→ The task:
Leave the images out, and otherwise write out each entry exactly.

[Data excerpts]
● ● ●

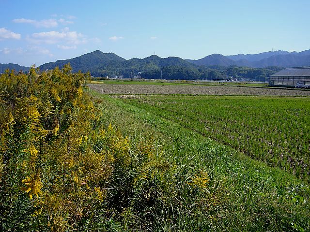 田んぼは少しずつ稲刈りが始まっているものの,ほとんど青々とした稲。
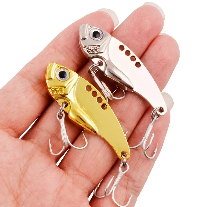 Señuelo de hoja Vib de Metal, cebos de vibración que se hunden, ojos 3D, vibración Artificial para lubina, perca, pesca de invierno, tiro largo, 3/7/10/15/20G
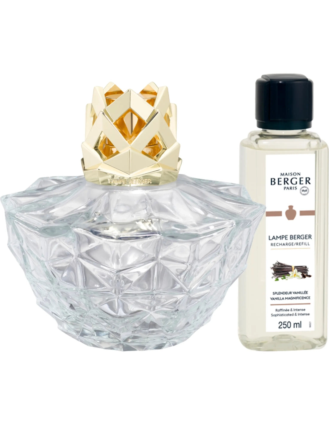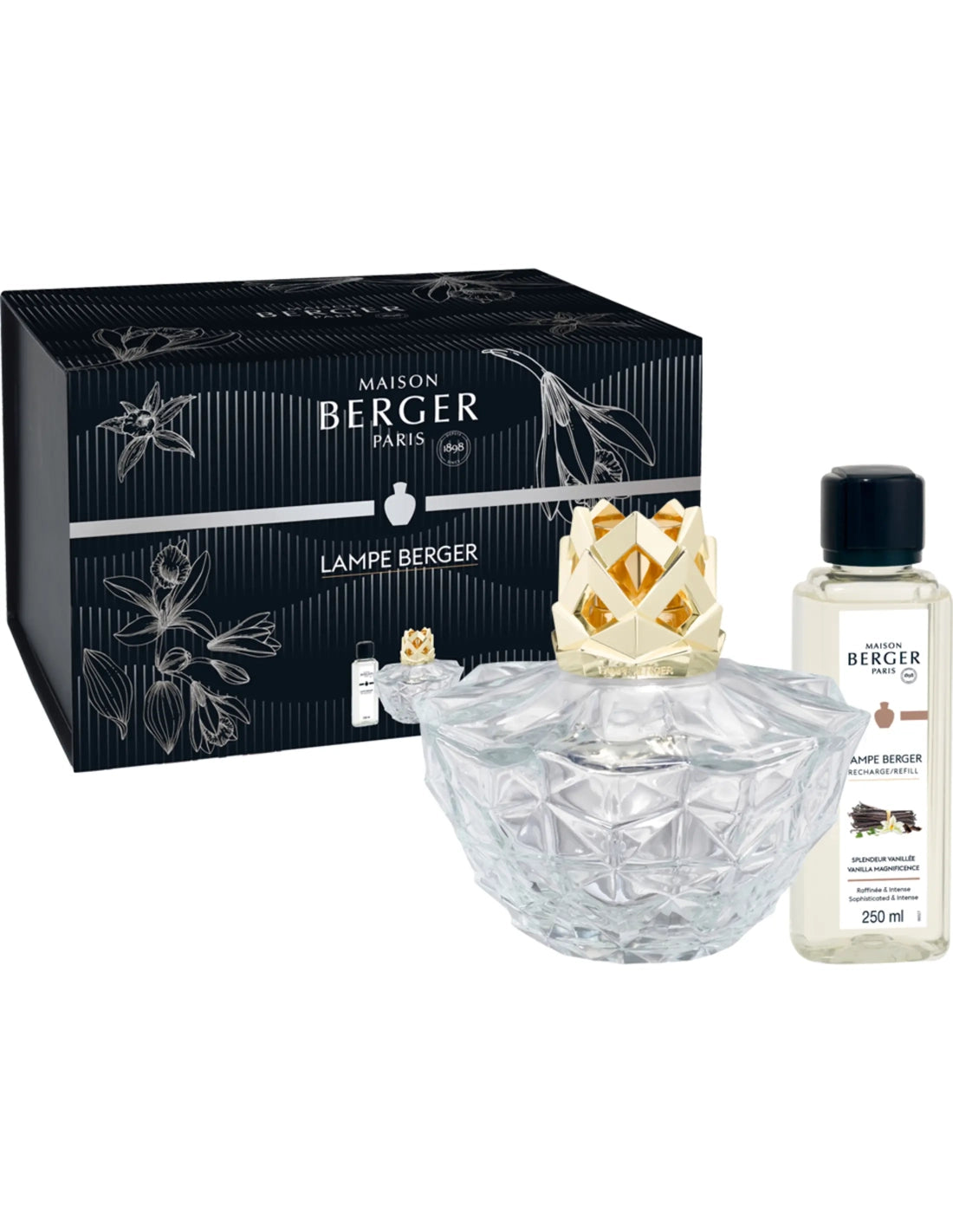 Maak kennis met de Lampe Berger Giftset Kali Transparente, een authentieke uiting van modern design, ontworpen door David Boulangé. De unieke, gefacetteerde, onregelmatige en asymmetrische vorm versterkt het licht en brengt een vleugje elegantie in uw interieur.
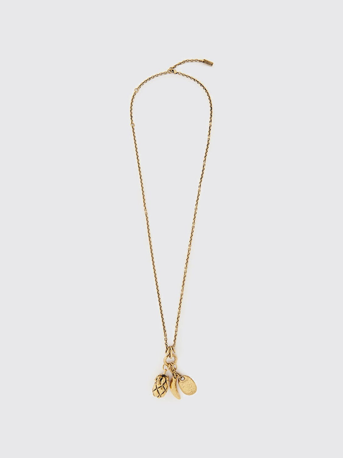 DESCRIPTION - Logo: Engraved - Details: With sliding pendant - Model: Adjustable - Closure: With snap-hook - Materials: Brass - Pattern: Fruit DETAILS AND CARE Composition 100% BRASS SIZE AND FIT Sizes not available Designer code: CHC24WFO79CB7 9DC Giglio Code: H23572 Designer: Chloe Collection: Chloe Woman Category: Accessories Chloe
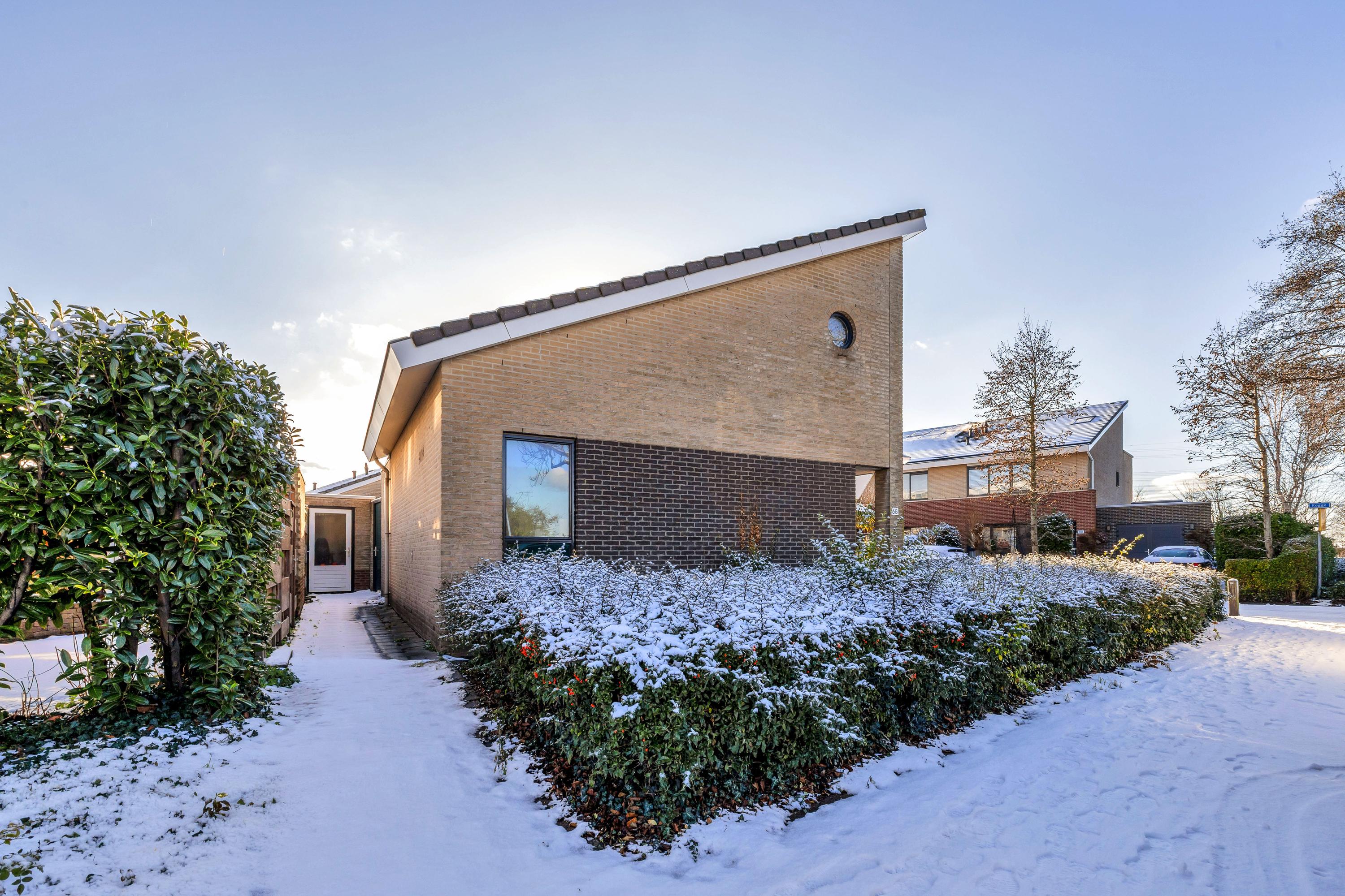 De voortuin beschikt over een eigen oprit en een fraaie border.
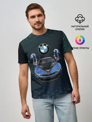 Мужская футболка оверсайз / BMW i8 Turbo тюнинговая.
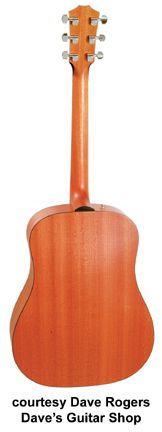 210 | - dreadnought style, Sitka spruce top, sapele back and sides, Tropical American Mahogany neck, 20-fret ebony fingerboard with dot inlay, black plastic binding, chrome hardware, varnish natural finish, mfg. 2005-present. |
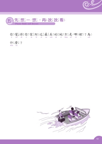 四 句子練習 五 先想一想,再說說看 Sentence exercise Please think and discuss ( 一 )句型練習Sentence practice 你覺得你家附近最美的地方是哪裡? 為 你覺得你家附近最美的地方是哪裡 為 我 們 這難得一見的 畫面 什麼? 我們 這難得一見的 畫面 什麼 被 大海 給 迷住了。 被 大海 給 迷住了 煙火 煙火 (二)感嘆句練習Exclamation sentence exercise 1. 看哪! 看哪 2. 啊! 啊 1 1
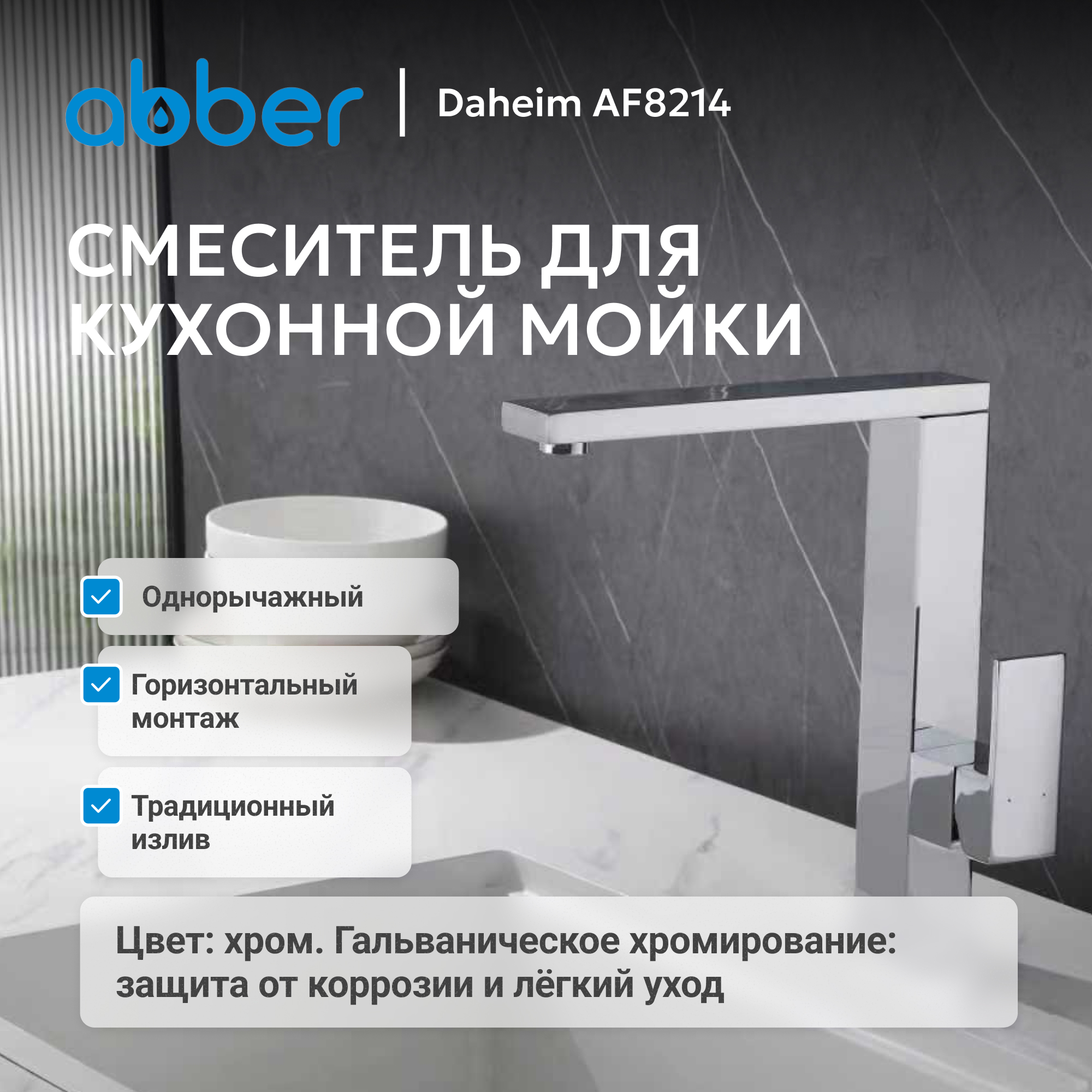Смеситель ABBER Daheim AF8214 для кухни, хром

● ● ●

→ Expected output:
 田んぼは少しずつ稲刈りが始まっているものの,ほとんど青々とした稲。
 Señuelo de hoja Vib de Metal, cebos de vibración que se hunden, ojos 3D, vibración Artificial para lubina, perca, pesca de invierno, tiro largo, 3/7/10/15/20G
 Maak kennis met de Lampe Berger Giftset Kali Transparente, een authentieke uiting van modern design, ontworpen door David Boulangé. De unieke, gefacetteerde, onregelmatige en asymmetrische vorm versterkt het licht en brengt een vleugje elegantie in uw interieur.
 DESCRIPTION - Logo: Engraved - Details: With sliding pendant - Model: Adjustable - Closure: With snap-hook - Materials: Brass - Pattern: Fruit DETAILS AND CARE Composition 100% BRASS SIZE AND FIT Sizes not available Designer code: CHC24WFO79CB7 9DC Giglio Code: H23572 Designer: Chloe Collection: Chloe Woman Category: Accessories Chloe
 De voortuin beschikt over een eigen oprit en een fraaie border.
 Мужская футболка оверсайз / BMW i8 Turbo тюнинговая.
 210 | - dreadnought style, Sitka spruce top, sapele back and sides, Tropical American Mahogany neck, 20-fret ebony fingerboard with dot inlay, black plastic binding, chrome hardware, varnish natural finish, mfg. 2005-present. |
 四 句子練習 五 先想一想,再說說看 Sentence exercise Please think and discuss ( 一 )句型練習Sentence practice 你覺得你家附近最美的地方是哪裡? 為 你覺得你家附近最美的地方是哪裡 為 我 們 這難得一見的 畫面 什麼? 我們 這難得一見的 畫面 什麼 被 大海 給 迷住了。 被 大海 給 迷住了 煙火 煙火 (二)感嘆句練習Exclamation sentence exercise 1. 看哪! 看哪 2. 啊! 啊 1 1
Смеситель ABBER Daheim AF8214 для кухни, хром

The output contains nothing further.